The df
parameter only sets the complexity of the smooth spline curve drawn on the plot. For example, if you had chosen df=2
you would have obtained a straight line, according to the R manual page for plot.cox.zph
; the default is df=4
. So your setting of df
just gave you the least complicated non-linear smoothed fit of the residuals versus time. To that extent the plot is trustworthy.
This difficulty might have arisen from what seems to be a very restricted number of time points (9 by my count) with many tied event times. Each of what seems to be single points on the plot probably represents 50 to 100 separate cases with events. So I suppose that might have posed problems for a spline-curve fit.
Two things to note.
First, it looks like your spline curve does show an upward tilt, suggesting that hazards aren't proportional. You don't show the numeric values returned by cox.zph()

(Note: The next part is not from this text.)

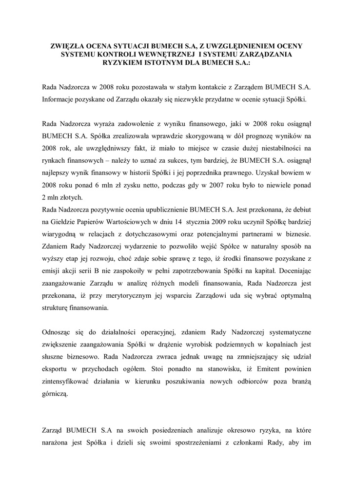 ZWIĘZŁA OCENA SYTUACJI BUMECH S.A, Z UWZGLĘDNIENIEM OCENY SYSTEMU KONTROLI WEWNĘTRZNEJ I SYSTEMU ZARZĄDZANIA RYZYKIEM ISTOTNYM DLA BUMECH S.A.: Rada Nadzorcza w 2008 roku pozostawała w stałym kontakcie z Zarządem BUMECH S.A. Informacje pozyskane od Zarządu okazały się niezwykle przydatne w ocenie sytuacji Spółki. Rada Nadzorcza wyraża zadowolenie z wyniku finansowego, jaki w 2008 roku osiągnął BUMECH S.A. Spółka zrealizowała wprawdzie skorygowaną w dół prognozę wyników na 2008 rok, ale uwzględniwszy fakt, iż miało to miejsce w czasie dużej niestabilności na rynkach finansowych – należy to uznać za sukces, tym bardziej, że BUMECH S.A. osiągnął najlepszy wynik finansowy w historii Spółki i jej poprzednika prawnego. Uzyskał bowiem w 2008 roku ponad 6 mln zł zysku netto, podczas gdy w 2007 roku było to niewiele ponad 2 mln złotych. Rada Nadzorcza pozytywnie ocenia upublicznienie BUMECH S.A. Jest przekonana, że debiut na Giełdzie Papierów Wartościowych w dniu 14 stycznia 2009 roku uczynił Spółkę bardziej wiarygodną w relacjach z dotychczasowymi oraz potencjalnymi partnerami w biznesie. Zdaniem Rady Nadzorczej wydarzenie to pozwoliło wejść Spółce w naturalny sposób na wyższy etap jej rozwoju, choć zdaje sobie sprawę z tego, iż środki finansowe pozyskane z emisji akcji serii B nie zaspokoiły w pełni zapotrzebowania Spółki na kapitał. Doceniając zaangażowanie Zarządu w analizę różnych modeli finansowania, Rada Nadzorcza jest przekonana, iż przy merytorycznym jej wsparciu Zarządowi uda się wybrać optymalną strukturę finansowania. Odnosząc się do działalności operacyjnej, zdaniem Rady Nadzorczej systematyczne zwiększenie zaangażowania Spółki w drążenie wyrobisk podziemnych w kopalniach jest słuszne biznesowo. Rada Nadzorcza zwraca jednak uwagę na zmniejszający się udział eksportu w przychodach ogółem. Stoi ponadto na stanowisku, iż Emitent powinien zintensyfikować działania w kierunku poszukiwania nowych odbiorców poza branżą górniczą. Zarząd BUMECH S.A na swoich posiedzeniach analizuje okresowo ryzyka, na które narażona jest Spółka i dzieli się swoimi spostrzeżeniami z członkami Rady, aby im przeciwdziałać. Przedmiotem analizy najczęściej są następujące ryzyka: kredytowe (wynikające z utraty zdolności kredytowej dłużników – odbiorców); otoczenia (związane ze zmianami sytuacji gospodarczej, zmianami na rynkach zbytu i zaopatrzenia, działaniami konkurencji) oraz płynności. Emitent stosuje systemy kontroli wewnętrznej w zakresie prowadzenia rachunkowości i sprawozdawczości finansowej, które zapewniają rzetelne i jasne przedstawienie jej sytuacji majątkowej i finansowej. Spółka posiada dokumentację opisującą przyjęte zasady rachunkowości, określające metody wyceny aktywów i pasywów oraz ustalenia wyniku finansowego, a także sposób prowadzenia ksiąg rachunkowych i systemu ochrony danych i ich zbiorów. Sprawozdania finansowe Emitenta są poddawane badaniu przez podmiot uprawniony, wybrany uchwałą Rady Nadzorczej. BUMECH S.A. prowadzi księgi rachunkowe w systemie informatycznym, który posiada zabezpieczenia hasłowe przed dostępem osób nieuprawnionych oraz funkcyjne ograniczenia dostępu. Funkcjonowanie BUMECH S.A. opiera się na zarządzaniu procesowym wynikającym z potwierdzonego przez zewnętrzną jednostkę certyfikującą DET NORSKE VERITAS systemu zarządzania jakością ISO 9001:2000 w zakresie: Remont, montaż i serwis maszyn górniczych oraz wykonawstwo ich elementów i części zamiennych. Wykonawstwo elementów konstrukcji. Ponadto w Spółce występuje sformalizowany tryb zawierania, ewidencjonowania przechowywania umów oraz przekazywania informacji. Na dzień sporządzenia niniejszego sprawozdania BUMECH SA. jest w wysoce zaawansowanej fazie wdrażania systemu budżetowania i controllingu. Rada bardzo pozytywnie ocenia ten proces, gdyż usprawni to w dużej mierze kontrolę kosztów i przychodów.

, but I would guess that for sex
the correlation of scaled residuals versus Kaplan-Meier-transformed time is significantly different from the value of 0 expected when proportional hazards holds. (Note that this numeric test provided by cox.zph()
is independent of the df
value chosen for your display.)
Second, with a very limited number of time points and a large number of cases, you might be better off using a discrete-time model for survival (essentially a set of logistic or similar regressions) instead of a continuous-time Cox proportional hazards model. This page has some introductory discussion and useful links.